I was 16 years old when my friend died in my arms, killed in an accident by a drunk taxi driver, at 6 in the morning. Bombay was dry then. The accused got 6 months. Why? Under the influence of alcohol, it was argued. It made no sense to me then.

The law distinguishes between a premeditated act and an unplanned one. The former is punished with greater force. In Salman's case, this was the reason for the bail, I am sure.

If the blackbuck story is true, he should be sentenced with all the power of the law. He knew what he was doing.

Consider the Jessica Lal case. The lawyer cooked up some story of a tall 'Sardar'. No one took it seriously. If, instead, the accused had pleaded the truth about being punch-drunk, he would have fared no worse than the taxi driver. But then, lawyers do get oversmart. Maybe legal aid may have been better!

Next, coming soon, more poetry from Salman's dad?

My Dad, no poet, would have said, "Be a man and take your punishment". But they don't make them like that any more.

Bapoo M. Malcolm
MOHAN SIROYA
Replied to Bapoo Malcolm comment 7 years ago
His Dad Salim Khan ? Well, it is surmised in inside circles that the last minute of drama staged by Salman Khan's driver to accept belatedly that he is now having a change of heart and accepts that he was driving the car and not the star; was the script written by Salim Khan, his Dad.. And had Salman Khan accepted his 'Mistake' and had shown any remorse for the loss of 'Two Lives'( am including his bodyguard cop too)and a few gravely injured for life, perhaps the Trial judge could have been more considerate in awarding sentence. Additionally, he would have earned laurels from million others, who have no sympathy for him now.
MOHAN SIROYA
7 years ago
Thanks to Bapoo Malcolm for keeping human liberty at the core. In his own example of a pauper guy unable to furnish even a bail bond, he or persons of my ilk will give him bail. Otherwise will this happen in present scenario, irrespective of S C verdict.
He is right when he says High Contacts pay a vital part. But is the value of moneybag or a celebrity status less ? Good at heart Sanjay Dutt and his illustrious family and high contacts played a big role in keeping him out till 17 years. Draconian TADA was withdrawn and ultimately for a 'Mistake' he had to undergo jail for the minimum period as per law. Salmankhan, having been sentenced by two trial courts( Jodhpur & Mumbai) is enjoying liberty ,again with money power and mass craze. Is there any case in history where a person jailed by sessions court for a grave offence of Homicide, can get bail and suspension of sentence within 200 minutes from HC? Bravo Money power to get the sharpest legal heads to bail him out. So verdict of Supreme Court would also require money to get a person his liberty. Nothing comes free in this country.
Bapoo Malcolm
7 years ago
One does not need a lawyer to argue one's case. It can be done "In person". But if one messes up his own case, that remains his problem.

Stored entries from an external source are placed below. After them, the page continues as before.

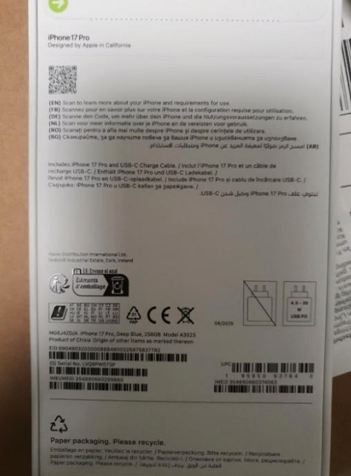 Novo Apple iPhone 17 Pro Deep Blue 256GB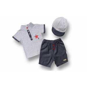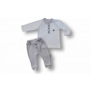 6-9 9-12 12-18 Ay Vip Yaka Şapkalı Kısa Kollu Sweat 3Lü Erkek Bebek Takımı Gri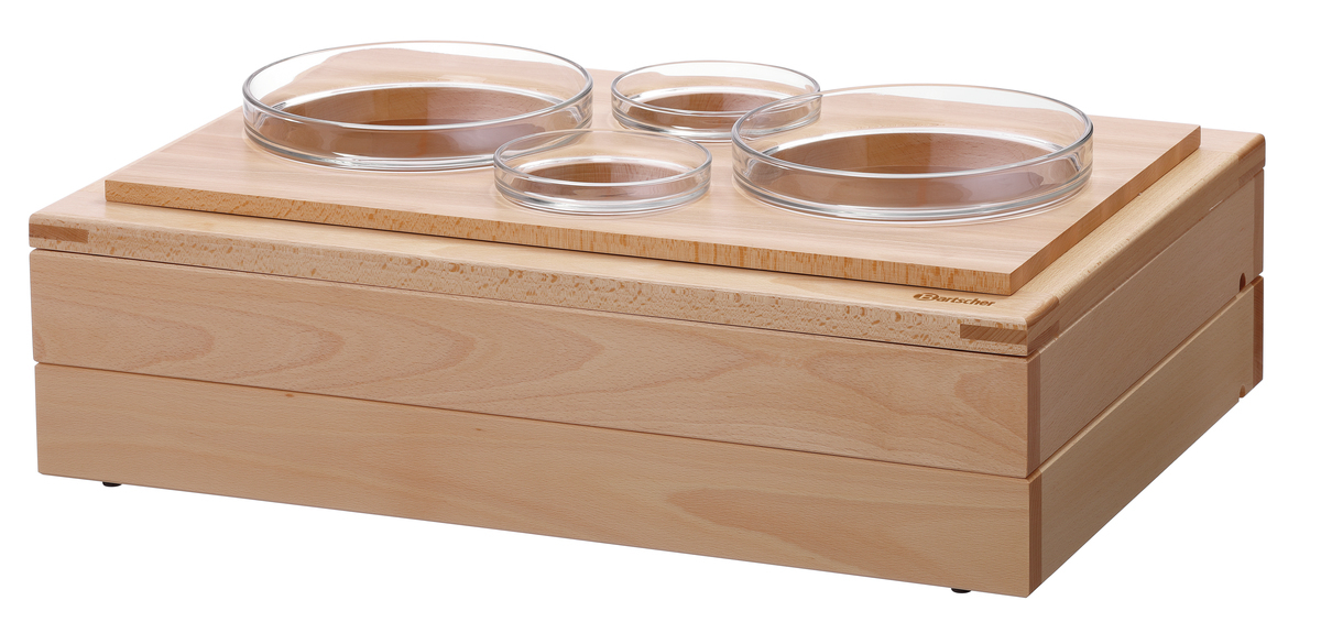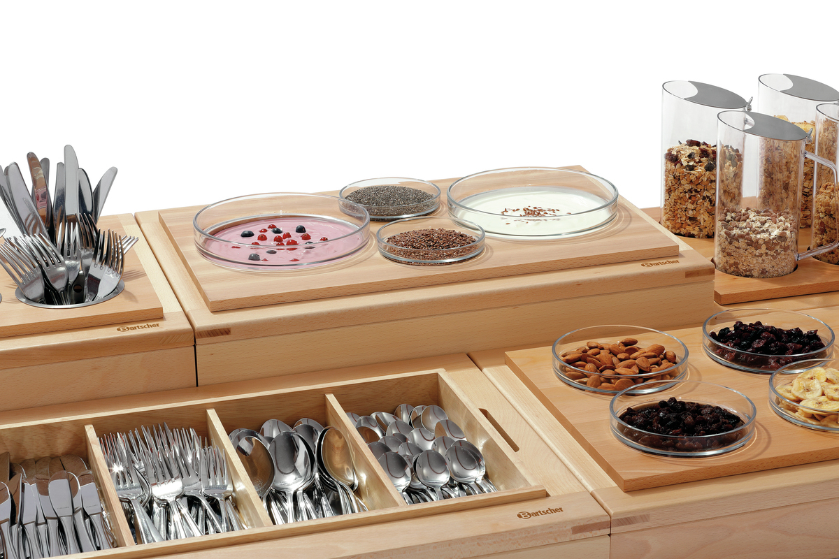 Ce set modulaire au design en bois sobre permet de bien structurer les buffets et de les rendre attrayants. Que ce soit pour le buffet du petit déjeuner, du déjeuner ou du soir, les 4 bols en verre peuvent par exemple être remplis de noix, de fruits secs, d’antipasti, de toppings ou de dressings et peuvent être facilement remplacés ou remplis.

The poor can ask for legal help; how good that can be? Well, no one can be sure. But it is available.

The 'nexus' that is mentioned may be true, but the losing side, or its lawyer, is quick to blame the system. Sometimes it may help to admit that one had a bad case to begin with.

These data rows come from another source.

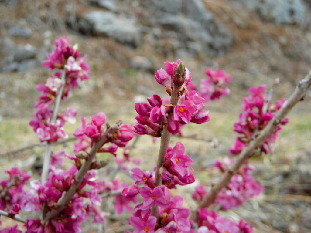 A 1097 m, au terminus, la vue embrasse la plaine et le Jura. Décor immense, vue de châtelain. De là, descente vers le vallon de Monnetier. En cette fin d’hiver, les bois sont encore dormants. Ils s’ornent joliment çà et là des fleurs roses précoces du bois-gentil. Qui porte bien mal son nom, car ses baies sont diablement toxiques. Elles servaient jadis à empoisonner les gêneurs, les loups en particulier.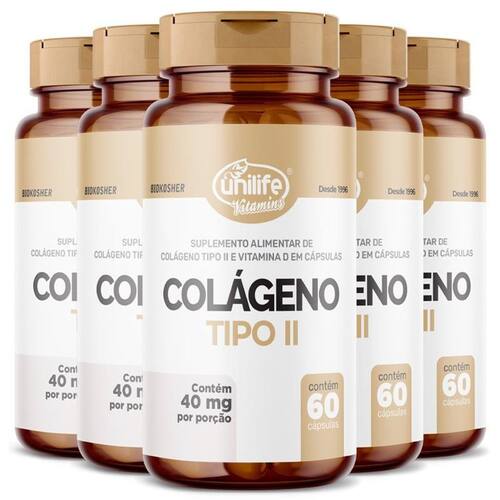 Kit 5 Colágeno Tipo II com Vitamina D Unilife 60 cápsulas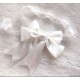 Simple, elegant narrow lace garter supported at the mid-line with a ribbon covered elastic for perfect fit.  Adorned with a  pearl ornament and large satin ribbon and ties.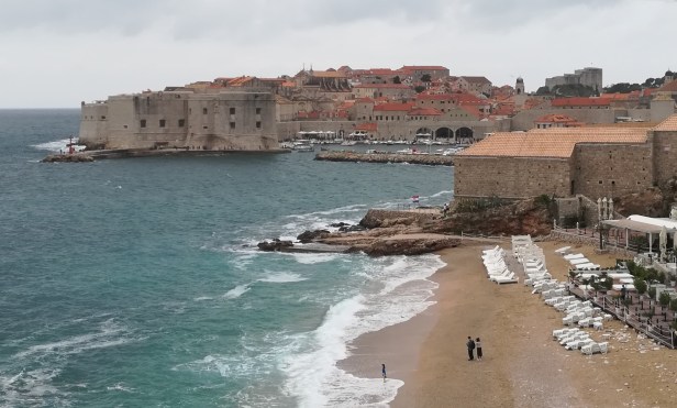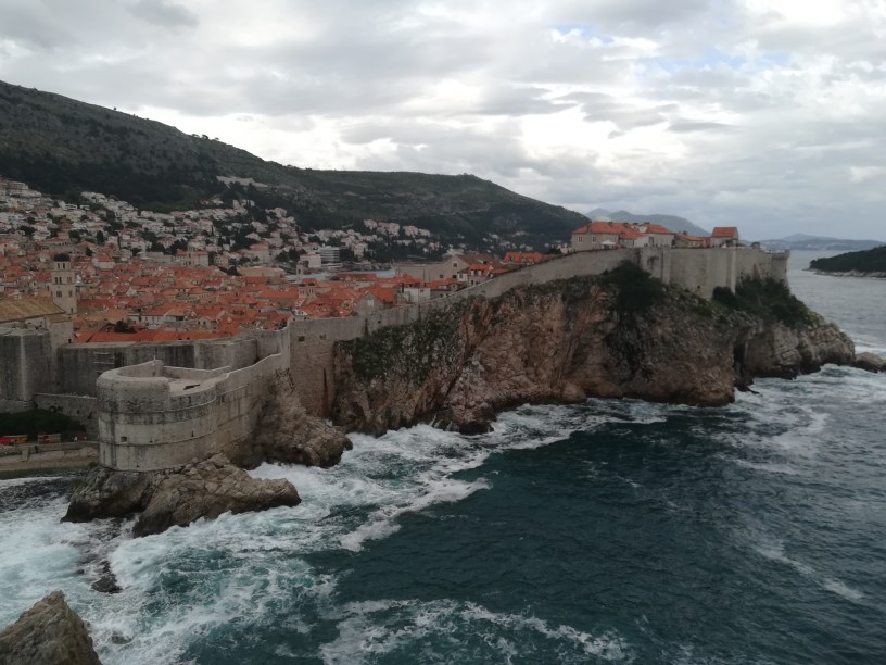 Chegar na cidade é impressionante. Quem pega o ônibus que liga o aeroporto à Dubrovnik e senta em uma das janelas atrás do motorista, vê, lá do alto da montanha, a cidade murada na beira do mar.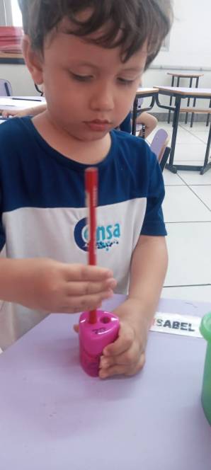 O 1º período da Escola Infantil do CENSA teve seu primeiro contato com o apontador de lápis, na terça-feira, 18/10. A tarefa, embora simples e prática, é uma atividade psicomotora que representa o desenvolvimento da motricidade fina, só possível após a criança ter dominado os movimentos ligados aos grandes músculos. Empolgada com a nova aprendizagem, a garotada deu mais um passo na conquista da coordenação de suas habilidades manuais e, agora, passa do uso do hidrocor para o lápis de escrever. Parabéns!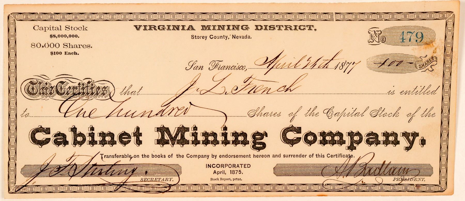 Virginia Mining District, Storey County, Nevada (printed at top center). Inc. April 1875. No. 479, issued for 100 shares to J.L. Trench on April 24th, 1877 in San Francisco. Signed by president A. Badlam and secretary J.F. Stirling. Not cancelled. Simple design with black border and print. Stock Report Print. 4 x 9.25" Pinholes, stain at upper right. Balch, 1882, says that this mine is in the Gold Hill District. No developments noted (pg. 1179-1180). () Ken Prag Collection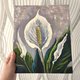 为您的空间注入宁静与优雅,这幅由 Art by Inna Bebrisa 创作的原创油画,描绘了盛开的白鹤芋,拥有柔和的白色佛焰苞和翠绿的叶片。这幅 12x10 英寸的艺术品,运用丰富的厚涂技法与印象派风格,绘于画板之上。空灵的背景以紫罗兰色和蓝色调点缀,增添了深度与宁静感,是为任何渴望平静与美丽空间的完美之选。艺术家亲笔签名。从拉脱维亚全球运送。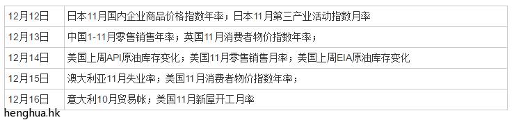 ▶ 国际现货黄金上周累计收跌17.80美元,跌幅1.51%,收报1159.00美元每盎司,黄金价格连续五周收跌。现货白银上周小幅下跌0.3%,收报于16.86美元每盎司。上周美国WTI原油1月期货下跌0.37%,收报51.50美元。布伦特原油2月期货下跌0.29%,收报54.33美元。周六达成的非OPEC产油国减产协议预计将在下周继续推升油价走高。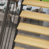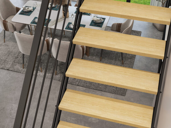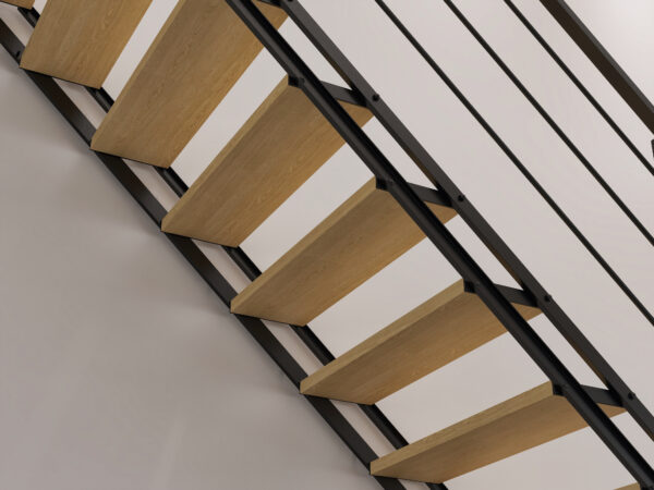 Deze rechte moderne trap is gemaakt van metalen zijkanten die gepoedercoat worden. De treden zijn gemaakt van (30mm) onbehandeld beukenhout. De treden zijn 75cm breed en 25cm diep en hebben een goed loop comfort. De trap wordt standaard geleverd zonder leuning, deze kan optioneel worden besteld. De leuning en de balustrade zijn volledig gemaakt van metaal en worden geleverd in dezelfde kleur als de trap.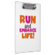 Se você gosta de correr, correr 5Ks, 10Ks, meia maratona, ou maratonas, você vai adorar este design de texto colorido em laranja e rosa quente que lê Run and Embrace Life! Corra e Abraça Camisas de Vida, capuzes, ímãs, botões, cartões, adesivos, correntes-chave e muitos outros itens para corredores que adoram um design brilhante e colorido!

Judges are selected directly, especially to the High courts and the Supreme Court. But they need to be excellent lawyers first and have some length of practice.

Bapoo M. Malcolm
PPM
7 years ago
The legal system need to be revamped and common man should be allowed to argue his case in front of the judge.

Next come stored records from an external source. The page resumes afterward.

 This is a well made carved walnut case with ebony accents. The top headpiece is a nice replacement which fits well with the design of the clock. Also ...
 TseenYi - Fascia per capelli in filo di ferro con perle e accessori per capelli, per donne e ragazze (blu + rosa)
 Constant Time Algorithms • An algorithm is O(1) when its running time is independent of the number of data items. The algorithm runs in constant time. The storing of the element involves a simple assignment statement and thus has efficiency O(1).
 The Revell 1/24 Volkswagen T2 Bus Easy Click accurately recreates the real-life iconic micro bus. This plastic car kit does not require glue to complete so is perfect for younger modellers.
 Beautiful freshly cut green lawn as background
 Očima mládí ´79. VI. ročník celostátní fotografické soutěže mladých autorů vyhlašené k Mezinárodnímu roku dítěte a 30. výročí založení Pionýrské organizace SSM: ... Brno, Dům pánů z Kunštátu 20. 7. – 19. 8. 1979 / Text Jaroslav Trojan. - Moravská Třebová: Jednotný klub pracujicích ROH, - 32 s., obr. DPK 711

Judges need to be selected directly and not from the pool of lawyers as most of the cases dragged too much due to the lawyer-lawyer-judge nexus.
MOHAN
7 years ago
It was Justice V.R. Krishna Iyer who had laid down very important principles like ‘jail is the exception, and bail is the rule’ decades ago and in his judgements he gave a very strong human touch to criminal law.